Supplied records:
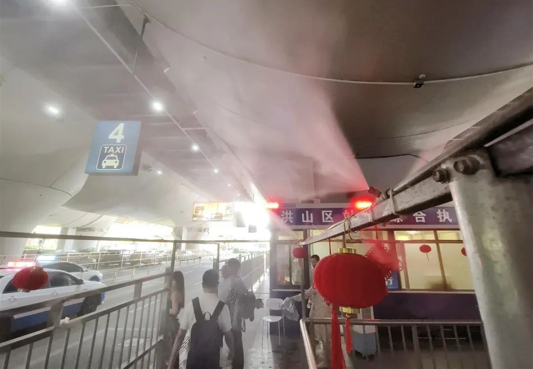 据了解,暑运期间,武汉火车站客流量增加,每日往返客流达23万人次,武汉火车站东广场公交车站及出租车候乘区,是人流量较大的两个区域。为给旅客创造清凉的出行环境,在高温来临前,综管办及时检修了喷雾降温系统,更换了四百米长的水管和五百八十多个喷头,全力为“夏日降温行动”做好保障。这些喷头将根据气温情况分时段进行自动喷雾降温,为旅客带来丝丝凉意。
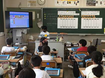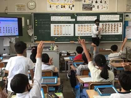 タブレットを使って学習しています。
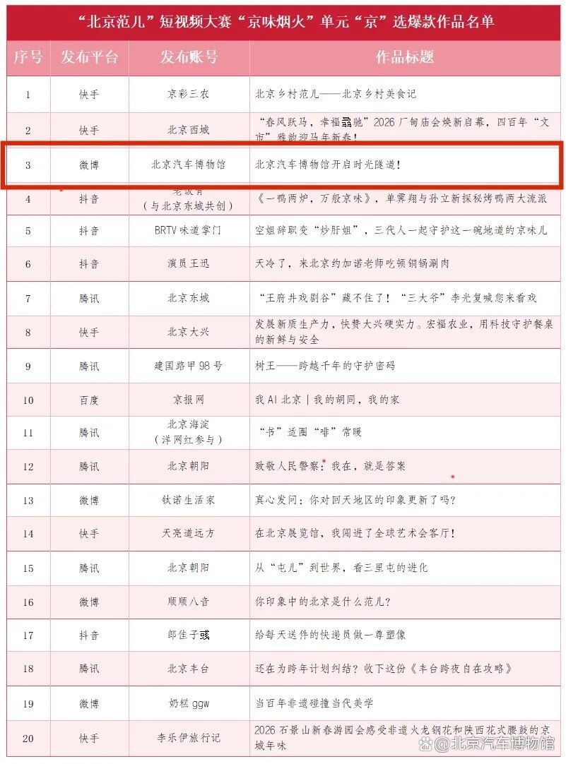 近日,由北京市委宣传部、市委网信办、市广电局、抖音、快手等单位联合主办的“北京范儿”短视频大赛第三季“京味烟火”单元获奖作品名单揭晓。北京汽车博物馆选送的说唱宣传片《北京汽车博物馆开启时光隧道!》从众多参赛作品中脱颖而出,荣获“北京范儿”短视频大赛“京味烟火”单元“京”选爆款奖项。
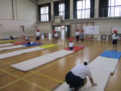 体育科では『マット運動』の学習を進めています。「もう少し足をのばしたほうがいいよ」などと声をかけあいながら技に挑戦しています。
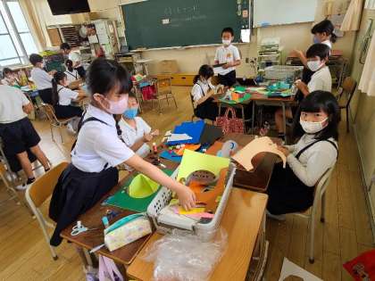 3年1組の図工の様子です。クルクルランドの作成です。個性的な作品ができあがってきました。
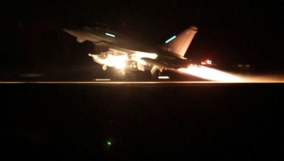 Image: An RAF Typhoon aircraft takes off to join the U.S.-led coalition from RAF Akrotiri to conduct air strikes against military targets in Yemen, aimed at the Iran-backed Houthi militia that has been targeting international shipping in the Red Sea, in Cyprus, in this handout picture released on January 12, 2024. Sgt Lee Goddard/UK MOD/Handout via REUTERS THIS IMAGE HAS BEEN SUPPLIED BY A THIRD PARTY NO RESALES. NO ARCHIVES TPX IMAGES OF THE DAY
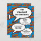 Personalize com o nome da aniversariante ou do garoto e todos os detalhes da festa. Um divertido, azul, legal e moderno convite de aniversário inspirado na pop de revista em quadrinhos, que coloca o wham, zap, pow em qualquer evento de celebração de aniversário de um super-herói. Desenvolvido pela ComicBookPop © em www.zazzle.com/comicbookpop*
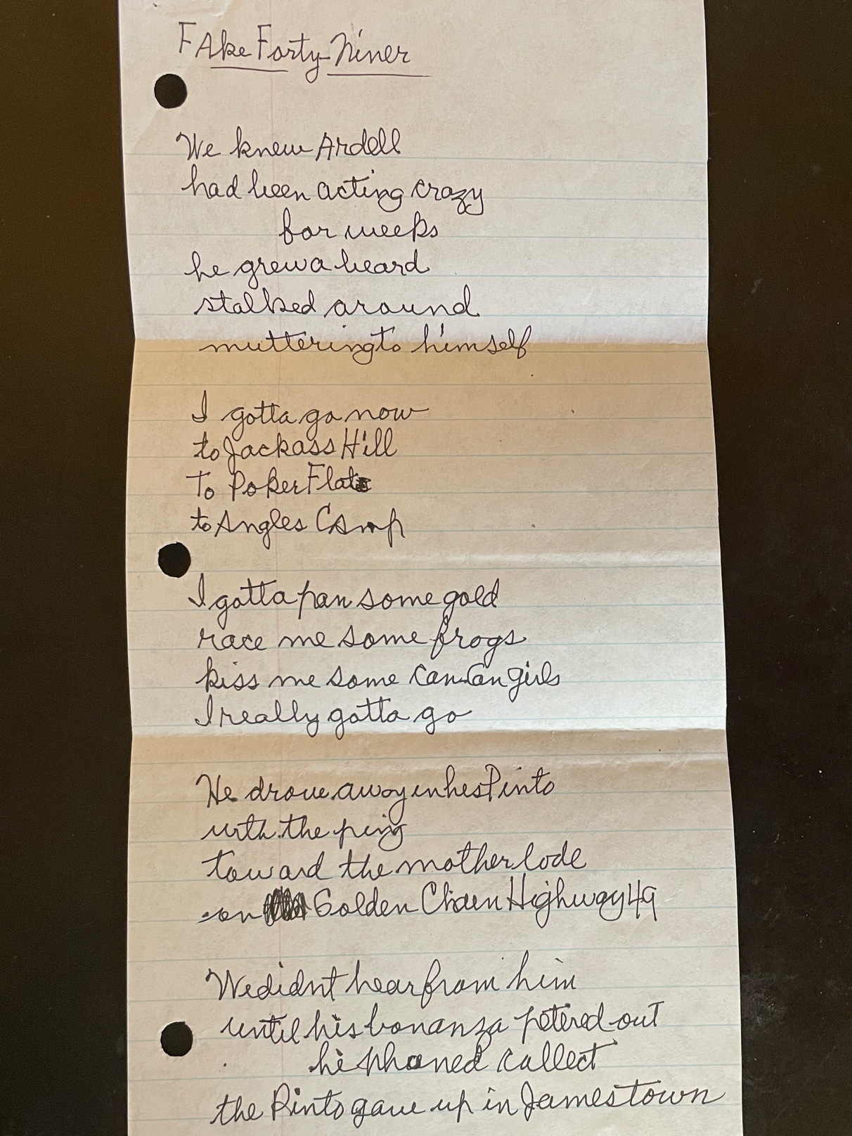 I gotta go now to Jackass Hill to Poker Flat and Angels Camp

What you need to do: What are the lines in the records above, word for word, from the one containing "タブレットを使って学習しています。" through the one containing "3年1組の図工の様子です。ク", both ends included and pictures left out?

Answer to the exercise:
 タブレットを使って学習しています。
 近日,由北京市委宣传部、市委网信办、市广电局、抖音、快手等单位联合主办的“北京范儿”短视频大赛第三季“京味烟火”单元获奖作品名单揭晓。北京汽车博物馆选送的说唱宣传片《北京汽车博物馆开启时光隧道!》从众多参赛作品中脱颖而出,荣获“北京范儿”短视频大赛“京味烟火”单元“京”选爆款奖项。
 体育科では『マット運動』の学習を進めています。「もう少し足をのばしたほうがいいよ」などと声をかけあいながら技に挑戦しています。
 3年1組の図工の様子です。クルクルランドの作成です。個性的な作品ができあがってきました。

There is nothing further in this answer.